Although the records contain pictures, none belong in the copy: restate word for word only the lines from the one with "firele de curent." through the one with "上海市中医药学会《郁证中医药防治指南》发布公告", both included.

Top of SOURCE RECORDS

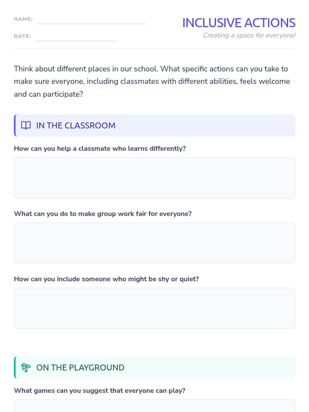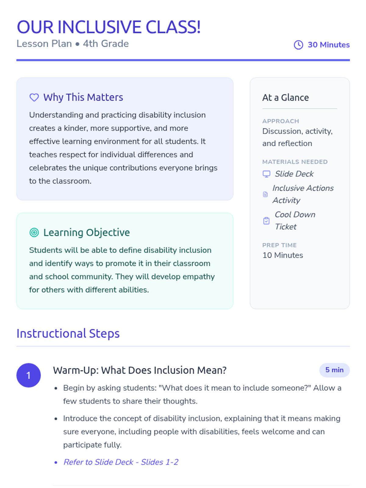 A 30-minute lesson for 4th graders to foster empathy and understanding of disability inclusion through discussion, brainstorming, and reflection.
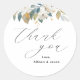 Élégant Sticker à Mariage blanc floral Merci classique rond
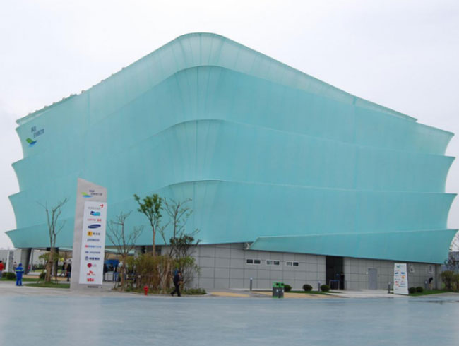 以我們都很熟悉的上海世博會幾個場館為例,展廳主體采用舊廠房或廢棄集裝箱改造,外觀則通過鋼架包裹膜結(jié)構(gòu)完成整體施工,既節(jié)約了工期,又一改廢舊廠房古板、沉悶的外觀造型。如下圖,就是幾個世博園里的展館:
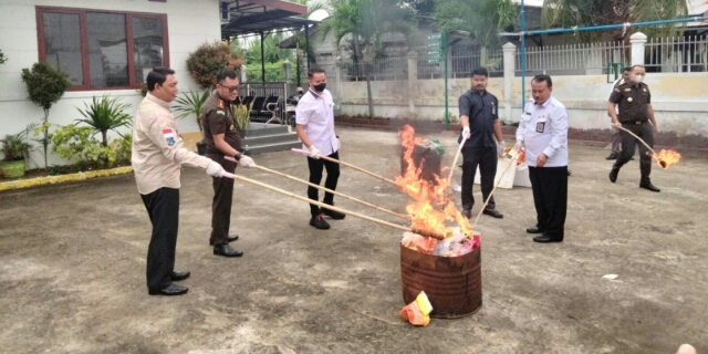 Wabup Hairan Hadiri Pemusnahan Barang Bukti Di Kejari Kuala Tungkal
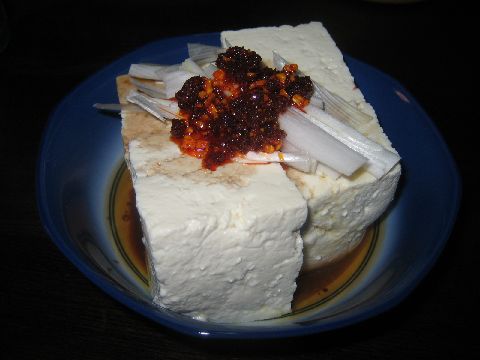 上にのっているのはねぎと食べるラー油です。豆腐のうまさが前提ですがお試しあれ!
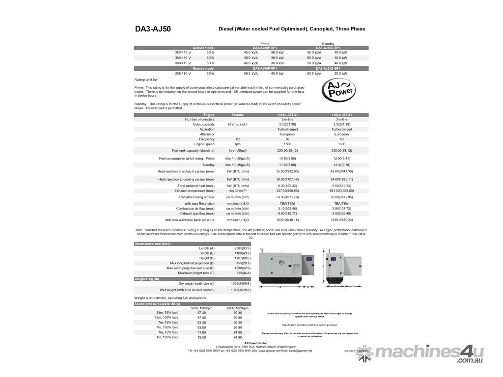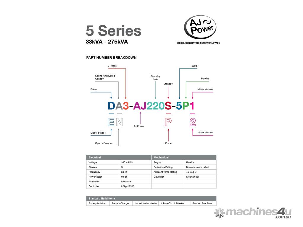 AJ50S comes with standard build items - battery isolator, battery charger, jacket water heater, 4 pole circuit breaker, bunded fuel tank.
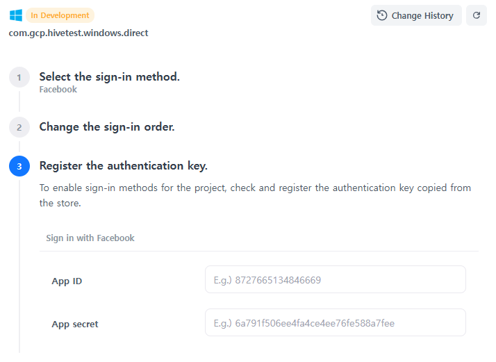 - 各ストアから提供される認証キーをコピーし、サインイン設定ページに貼り付けます。すべてのサインイン方法がサインイン設定メニューに認証キーを登録する必要があるわけではなく、一部はHive SDKに直接登録する必要があることに注意してください。各ストアの認証キーを登録するための詳細な手順は以下に示されています。
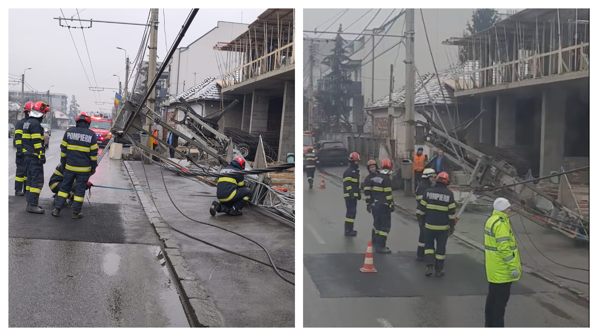 „Pompierii din cadrul Detașamentului 1 Cluj-Napoca intervin în aceste momente pe strada Traian Vuia din Cluj-Napoca, unde o macara a căzut peste firele de curent.
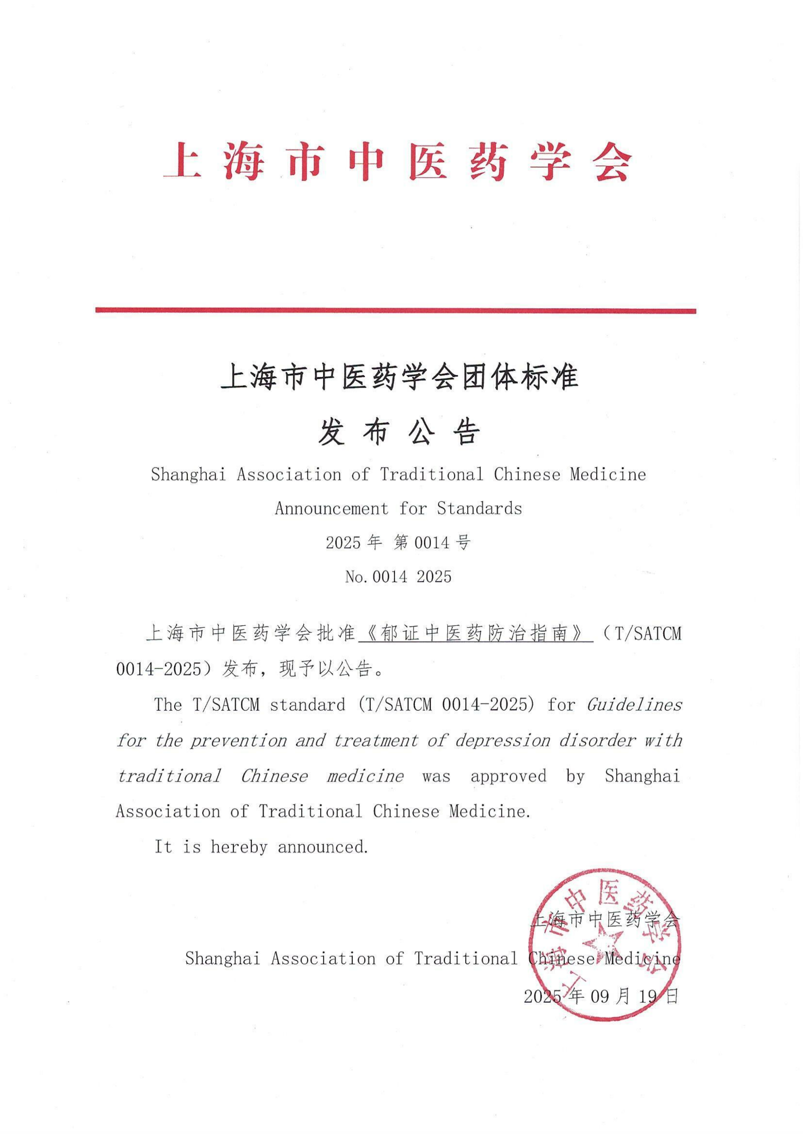 上海市中医药学会《郁证中医药防治指南》发布公告
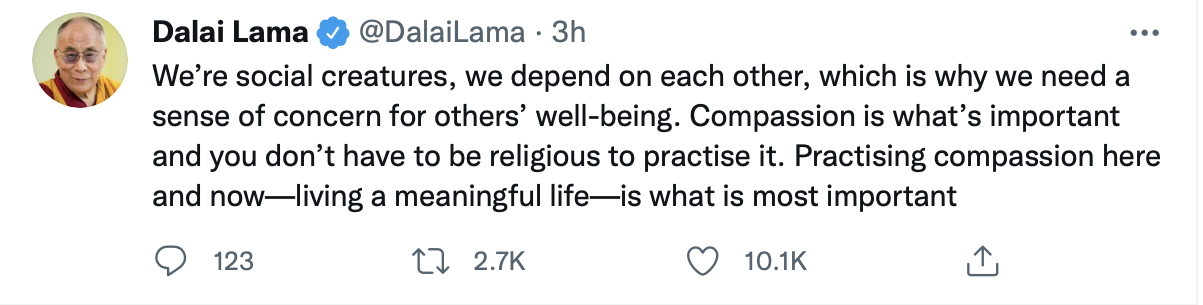 Twitter is one of the Dalai Lama’s platforms. He says practice compassion. Ten thousand people agree. Almost three thousand people spread his words to their people. In three hours.
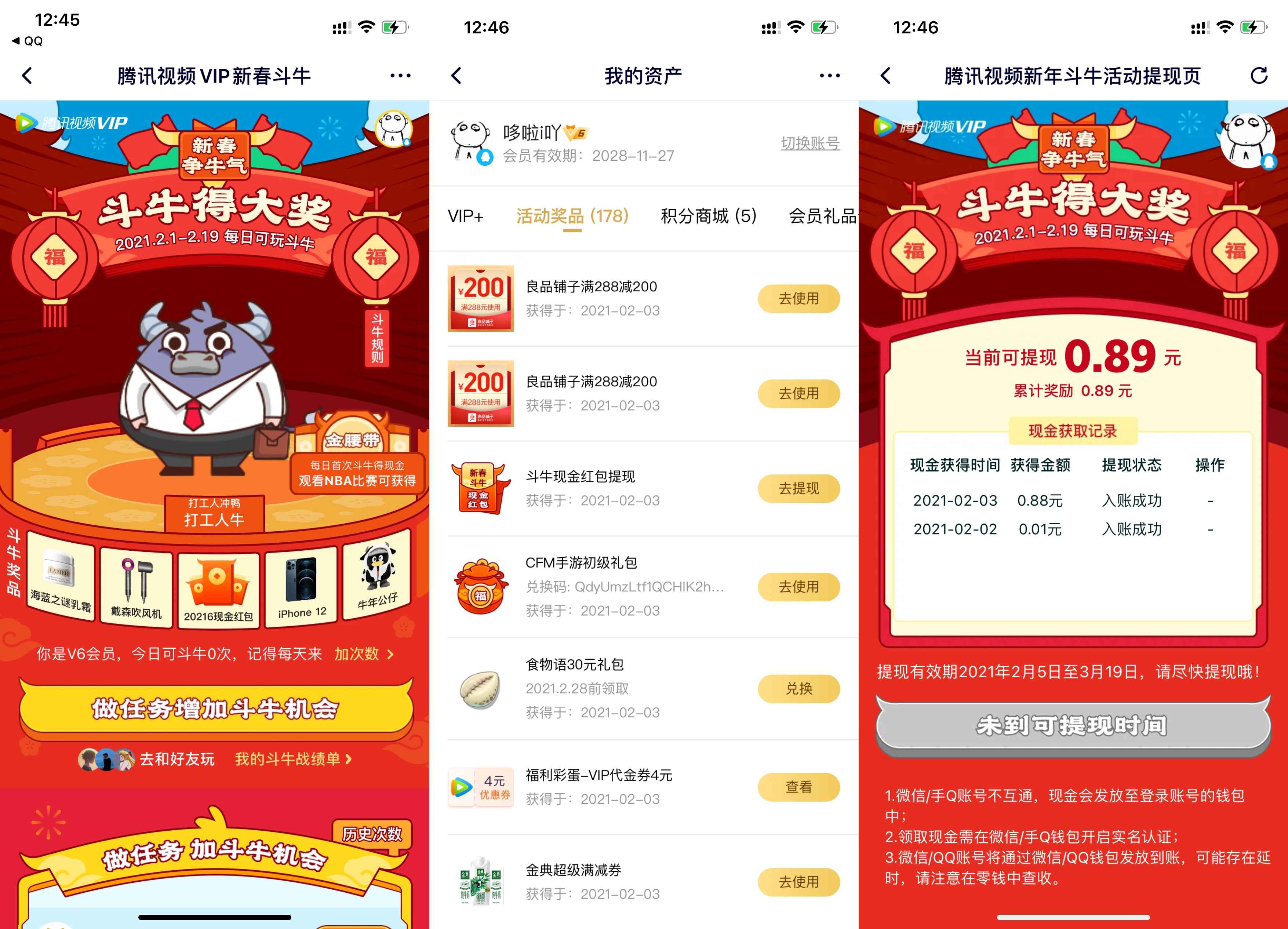 3、抽中的红包在->我的斗牛战绩单->我的活动奖品->2月5日开始提现

Bottom of SOURCE RECORDS

# ANSWER TO THIS TASK:
 „Pompierii din cadrul Detașamentului 1 Cluj-Napoca intervin în aceste momente pe strada Traian Vuia din Cluj-Napoca, unde o macara a căzut peste firele de curent.
 上海市中医药学会《郁证中医药防治指南》发布公告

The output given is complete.